* **Directions**
An exact copy of every entry is needed, without the pictures.

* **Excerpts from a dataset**

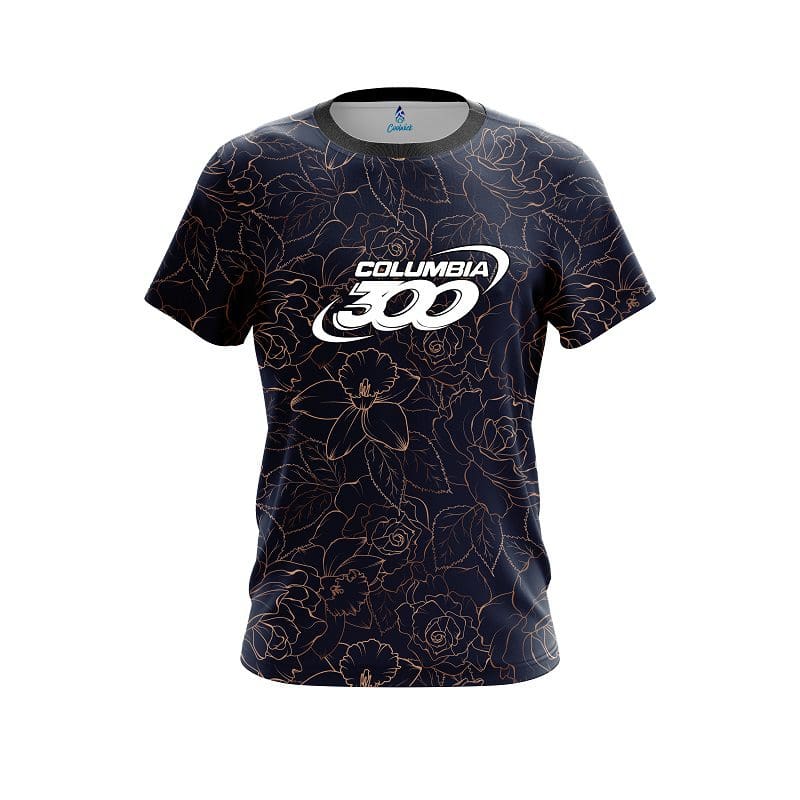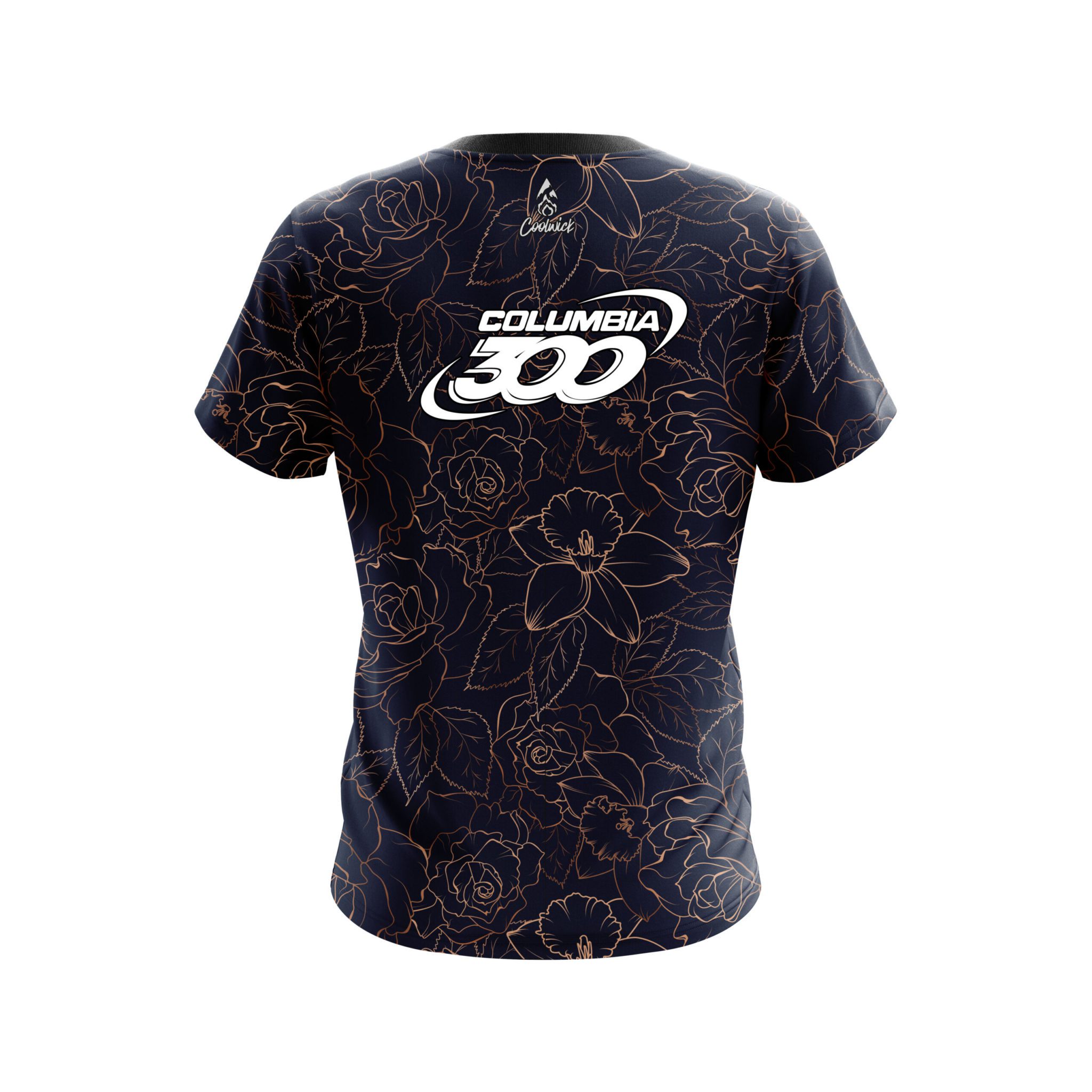 Stay 40% cooler with CoolWick. Our Columbia 300Navy rose gold CoolWick Bowling Jerseys are made of two different fabrics with the back being our CoolWick technology fabric that helps wick moisture away and helps air flow more easily through the fibers.
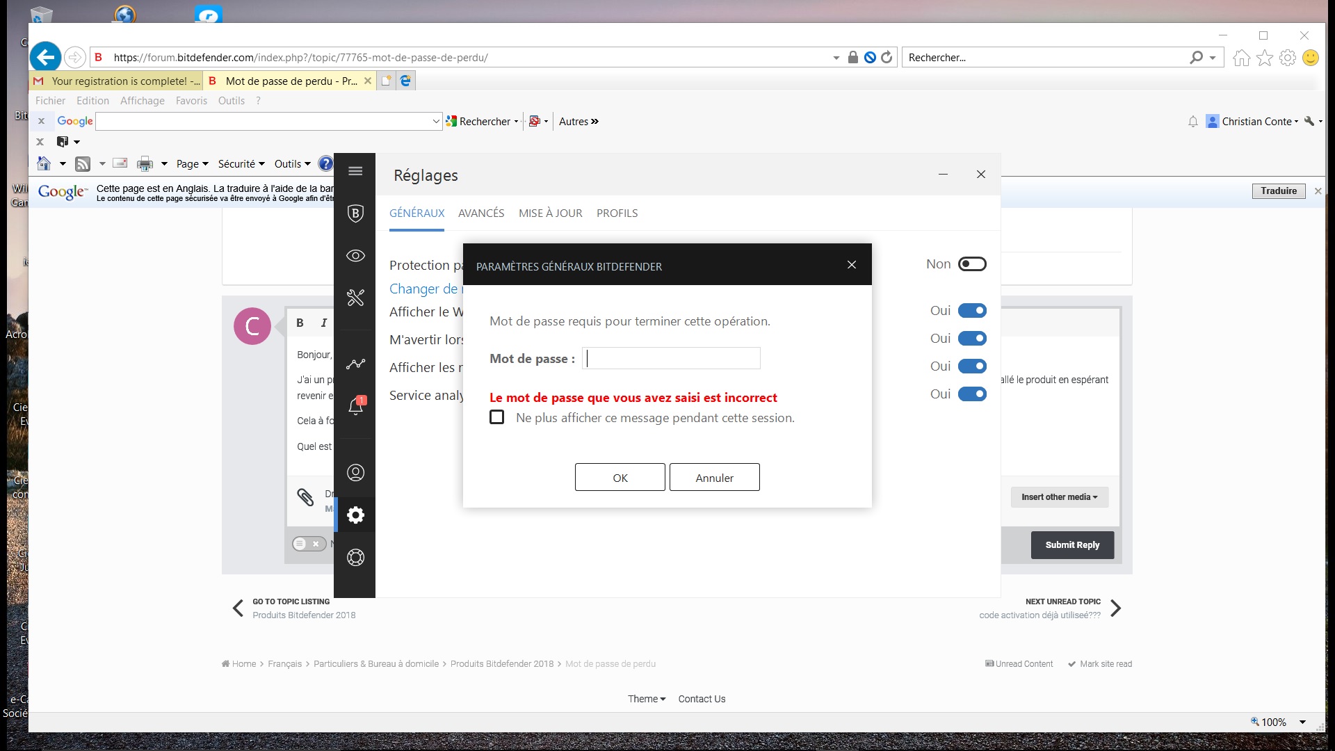 J'ai un problème avec le mot de passe erroné de "Paramètres de Bitdefender 2018 de la protection par mot de passe", comme indiqué en page 20 du manuel j'ai réinstallé le produit en espérant revenir en mode par défaut.
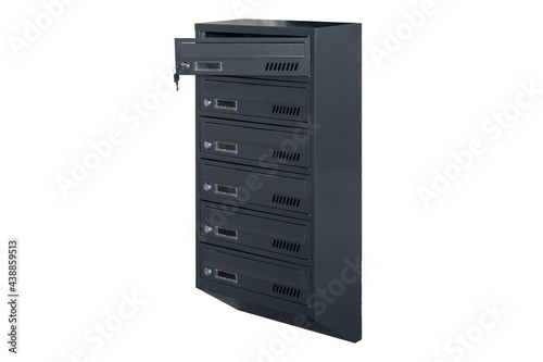 Mailboxes in the condo. metal mailbox with lockable center in condo. Mailbox on the white background isolated
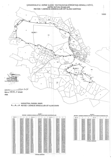 Kültür ve Turizm Bakanlığı’na bağlı Çanakkale Kültür Varlıklarını Koruma Bölge Kurulu, Ezine ilçesi sınırlarında yer alan Koçali Antik Sütun Ocakları ile ilgili önemli bir karar aldı. 27 Ocak 2026 tarihli toplantıda alınan karar doğrultusunda, Yahyaçavuş, Körüktaşı ve Kemallı köyleri sınırları içerisinde bulunan 1. derece arkeolojik sit alanlarının sınırları yeniden düzenlendi. Yeni düzenleme kapsamında hazırlanan revize sit haritasının uygun olduğuna karar verildi.
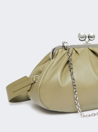 DETAILS Deconstructed Medium Pasticcino Bag. The long chain shoulder strap with leather pad detail and the short leather shoulder strap allow for handheld or crossbody use, and can both be removed via retractable hooks. Bag in soft and light Nappa sheepskin Striped fabric lining Internal storage pocket with branded label detail Branded metal Weekend Max Mara sphere clasp Size: 31 x 13 x 21 c COMPOSITION AND CARE Handbag in ram; lining in 100%polyester. Distributed by Max Mara S.r.l., registered office in Reggio Emilia (Italy), Via Giulia Maramotti 4, 42124 (IT)
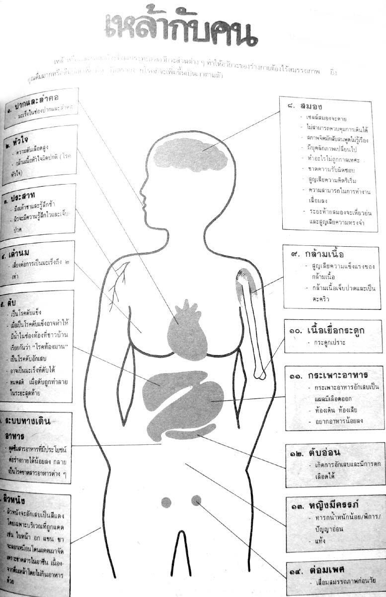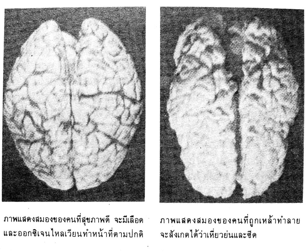 “ส่วนมากทุกคนก็รู้จักพิษของเหล้า โทษของเหล้า คือ อย่างแรก ทำให้เสียเงิน อย่างที่สอง คือ ถ้าดื่มจนติดงอมแงมก็จะทำให้ครอบครัวแตกสลาย นอกจากนั้น ยังทำให้ระบบประสาทและสมองเสียไป คนที่ดื่มเหล้าติดต่อกันเป็นระยะเวลานาน เมื่อผ่าสมองดูจะพบว่า สมองของผู้นั้นจะเหี่ยว หรือฝ่อมากกว่าคนที่ไม่ดื่มเหล้า และมีโอกาสเป็นโรคของสมองเสื่อมมากกว่า นอกจากนี้สมองเล็กที่อยู่ข้างหลังที่เรียกว่าซีลีเบลรัม ซึ่งทำหน้าที่เกี่ยวกับการทรงตัว หรือควบคุมการเดินจะเสียไป แม้ว่าจะเลิกดื่มเหล้าแล้วเป็นเดือน ก็ยังมีอาการเซ ทรงตัวไม่อยู่ ชาวบ้านเรียกว่า “เมาดิบ” ในเมืองไทยยังพบน้อยราย ไม่มากเท่าต่างประเทศ
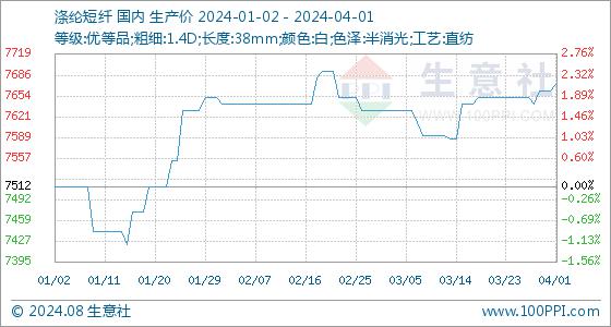 4月1日生意社涤纶短纤基准价为7662.00元/吨
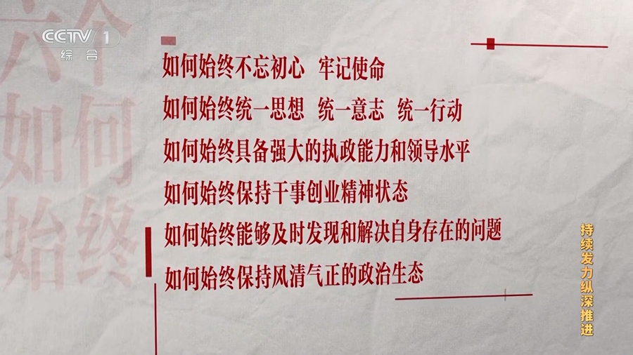 【解说词】“六个如何始终”充分揭示出,党内存在的政治不纯、思想不纯、组织不纯、作风不纯等突出问题尚未得到根本解决,一些已经解决的问题有可能死灰复燃,一些新的问题还在不断出现。解决好这些难题,是实现新时代新征程党的使命任务必须迈过的一道坎,是全面从严治党适应新形势新要求必须啃下的硬骨头。
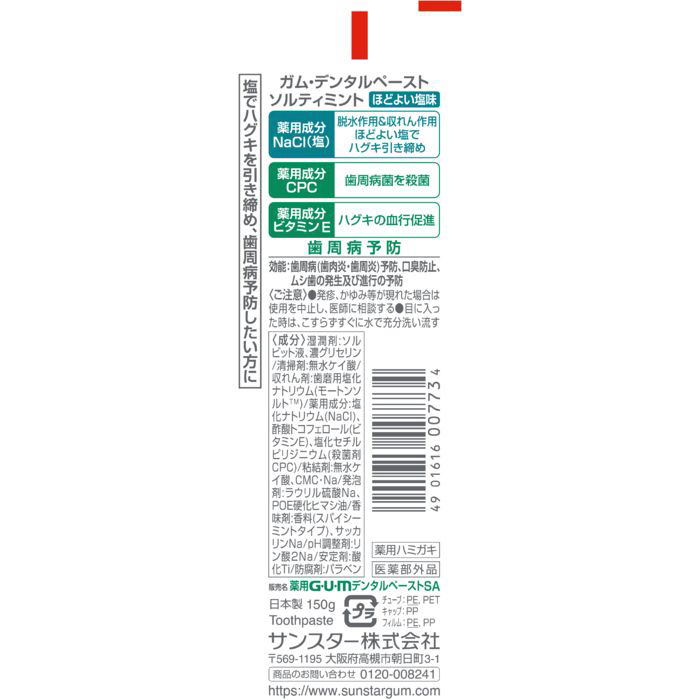 デンタルペースト[ソルティミント]150g (スタンディングタイプ)

* **Written solution**
 Stay 40% cooler with CoolWick. Our Columbia 300Navy rose gold CoolWick Bowling Jerseys are made of two different fabrics with the back being our CoolWick technology fabric that helps wick moisture away and helps air flow more easily through the fibers.
 J'ai un problème avec le mot de passe erroné de "Paramètres de Bitdefender 2018 de la protection par mot de passe", comme indiqué en page 20 du manuel j'ai réinstallé le produit en espérant revenir en mode par défaut.
 Mailboxes in the condo. metal mailbox with lockable center in condo. Mailbox on the white background isolated
 Kültür ve Turizm Bakanlığı’na bağlı Çanakkale Kültür Varlıklarını Koruma Bölge Kurulu, Ezine ilçesi sınırlarında yer alan Koçali Antik Sütun Ocakları ile ilgili önemli bir karar aldı. 27 Ocak 2026 tarihli toplantıda alınan karar doğrultusunda, Yahyaçavuş, Körüktaşı ve Kemallı köyleri sınırları içerisinde bulunan 1. derece arkeolojik sit alanlarının sınırları yeniden düzenlendi. Yeni düzenleme kapsamında hazırlanan revize sit haritasının uygun olduğuna karar verildi.
 DETAILS Deconstructed Medium Pasticcino Bag. The long chain shoulder strap with leather pad detail and the short leather shoulder strap allow for handheld or crossbody use, and can both be removed via retractable hooks. Bag in soft and light Nappa sheepskin Striped fabric lining Internal storage pocket with branded label detail Branded metal Weekend Max Mara sphere clasp Size: 31 x 13 x 21 c COMPOSITION AND CARE Handbag in ram; lining in 100%polyester. Distributed by Max Mara S.r.l., registered office in Reggio Emilia (Italy), Via Giulia Maramotti 4, 42124 (IT)
 “ส่วนมากทุกคนก็รู้จักพิษของเหล้า โทษของเหล้า คือ อย่างแรก ทำให้เสียเงิน อย่างที่สอง คือ ถ้าดื่มจนติดงอมแงมก็จะทำให้ครอบครัวแตกสลาย นอกจากนั้น ยังทำให้ระบบประสาทและสมองเสียไป คนที่ดื่มเหล้าติดต่อกันเป็นระยะเวลานาน เมื่อผ่าสมองดูจะพบว่า สมองของผู้นั้นจะเหี่ยว หรือฝ่อมากกว่าคนที่ไม่ดื่มเหล้า และมีโอกาสเป็นโรคของสมองเสื่อมมากกว่า นอกจากนี้สมองเล็กที่อยู่ข้างหลังที่เรียกว่าซีลีเบลรัม ซึ่งทำหน้าที่เกี่ยวกับการทรงตัว หรือควบคุมการเดินจะเสียไป แม้ว่าจะเลิกดื่มเหล้าแล้วเป็นเดือน ก็ยังมีอาการเซ ทรงตัวไม่อยู่ ชาวบ้านเรียกว่า “เมาดิบ” ในเมืองไทยยังพบน้อยราย ไม่มากเท่าต่างประเทศ
 4月1日生意社涤纶短纤基准价为7662.00元/吨
 【解说词】“六个如何始终”充分揭示出,党内存在的政治不纯、思想不纯、组织不纯、作风不纯等突出问题尚未得到根本解决,一些已经解决的问题有可能死灰复燃,一些新的问题还在不断出现。解决好这些难题,是实现新时代新征程党的使命任务必须迈过的一道坎,是全面从严治党适应新形势新要求必须啃下的硬骨头。
 デンタルペースト[ソルティミント]150g (スタンディングタイプ)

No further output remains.